NanoIndicQA / kn

Overview

NanoIndicQA / kn is the Kannada split of IndicQA retrieval. The queries are Kannada reading-comprehension questions, and the documents are Kannada evidence paragraphs.

This task evaluates Kannada context retrieval in a small paragraph corpus. The target is the full supporting paragraph, so models must rank the passage that contains the answer evidence rather than generate or match only the answer string.

Details

What the Original Data Measures

IndicQA is a manually curated cloze-style reading-comprehension task introduced with IndicXTREME in "Towards Leaving No Indic Language Behind". The retrieval conversion asks models to retrieve the source context paragraph for each question.

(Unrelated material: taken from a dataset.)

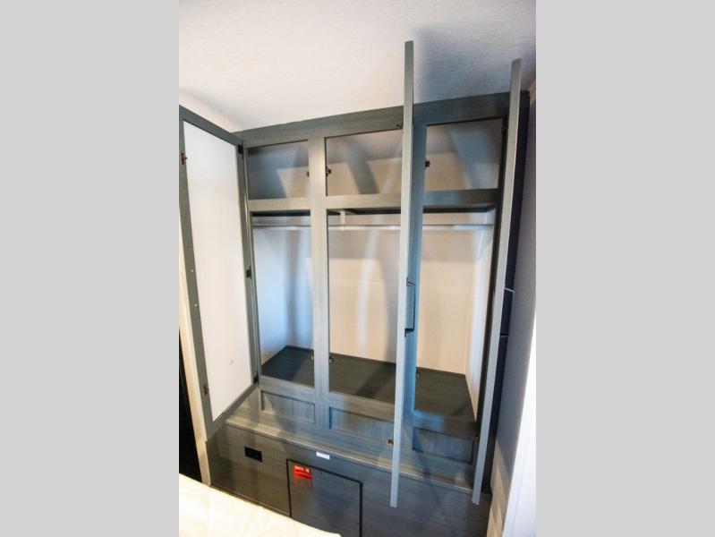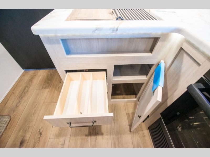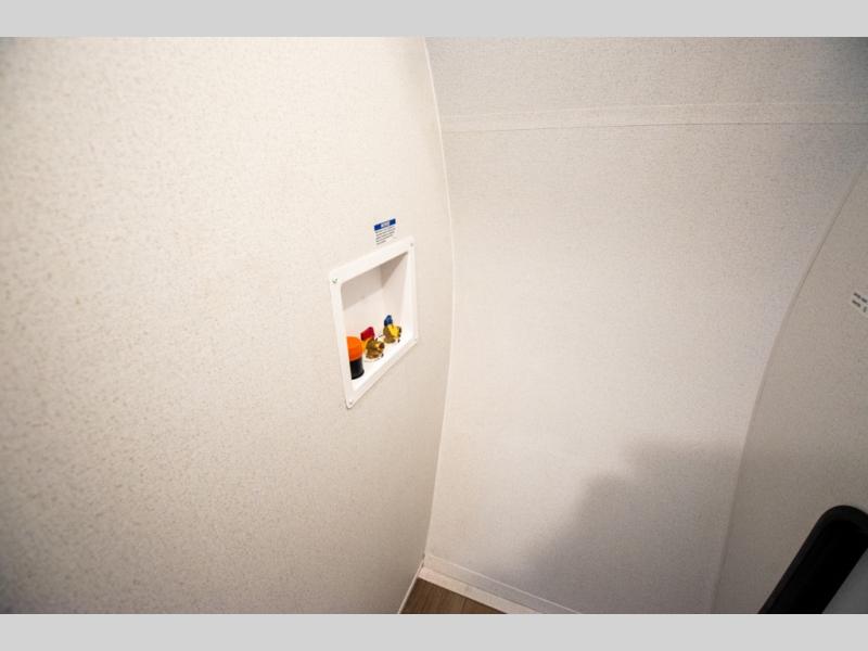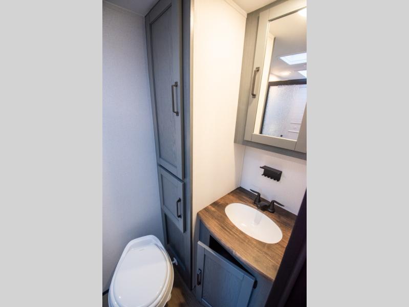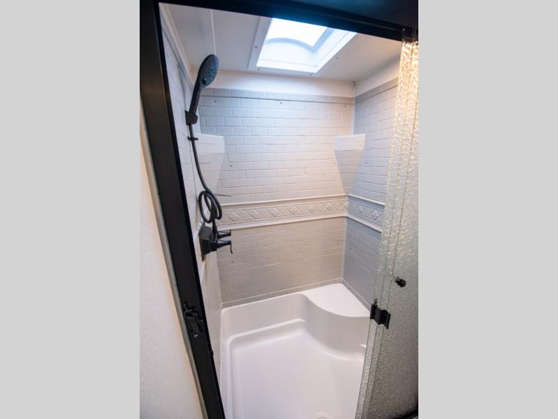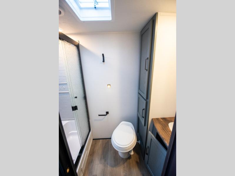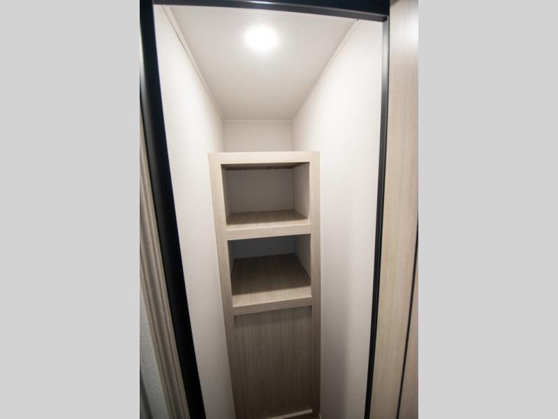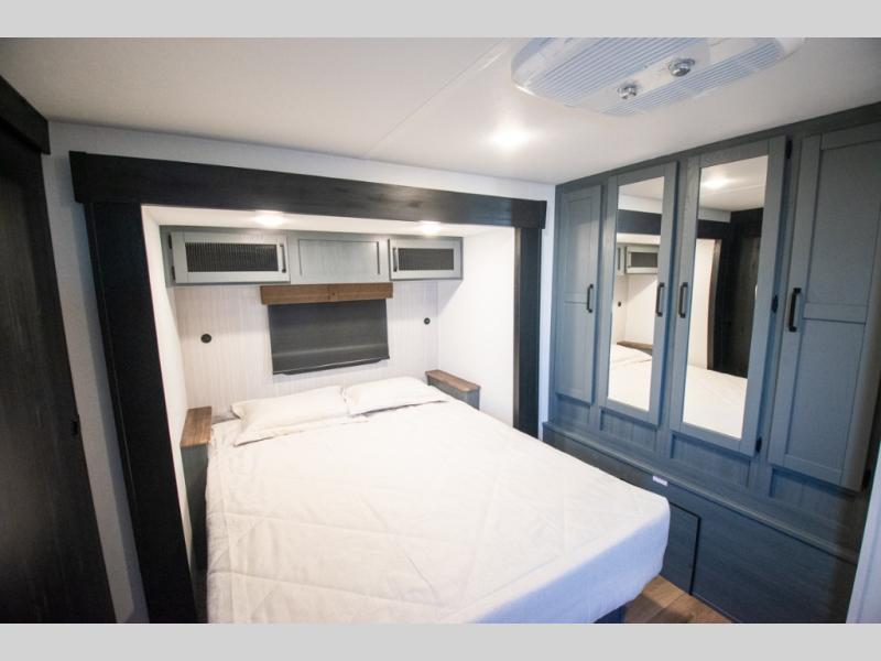Head to the lake in this double slide out travel trailer that can sleep four to five each night. You will love having the front private bedroom all to yourselves that includes a queen bed slide out, a front wardrobe, a closet with washer and dryer prep, plus your own exterior entry door. Your guests can sleep on the sofa and booth dinette within the second slide out, and the full rear bath is tucked away for privacy. This model also includes an entryway closet/pantry for food storage and jackets, and the fireplace across from the sofa makes your space cozier. An optional outside micro kitchen is available also if you like to cook outdoors!

In the Kannada split, the benchmark measures whether a retriever can map Kannada questions to Kannada paragraphs covering history, geography, cities, culture, and public institutions.

Observed Data Profile

This Nano split contains 200 queries, 257 documents, and 200 positive qrels. Each query has exactly one positive. Queries average 53.27 characters, and documents average 882.74 characters.

Observed examples ask about Muslim-majority regions, the meaning of "Chennai", vintage cars in Jaipur, the river region where the British East India Company was established, and the best time to visit Aligarh. Several questions may target related geography or history contexts.

BM25 Evaluation Profile

BM25 reaches nDCG@10 of 0.4730, hit@10 of 0.6000, and recall@100 of 0.8250. The candidate pool contains the full 257-document corpus. BM25 is useful when the Kannada question repeats a distinctive place name, institution, or entity from the context.

The lower hit rate shows that lexical overlap alone is fragile. Short questions may not repeat enough of the context, and multiple history or geography paragraphs can share names and topic words.

Dense Evaluation Profile

The dense harrier-oss-270m profile reaches nDCG@10 of 0.7037, hit@10 of 0.8500, and recall@100 of 0.9800. Dense retrieval is clearly strongest across the main metrics.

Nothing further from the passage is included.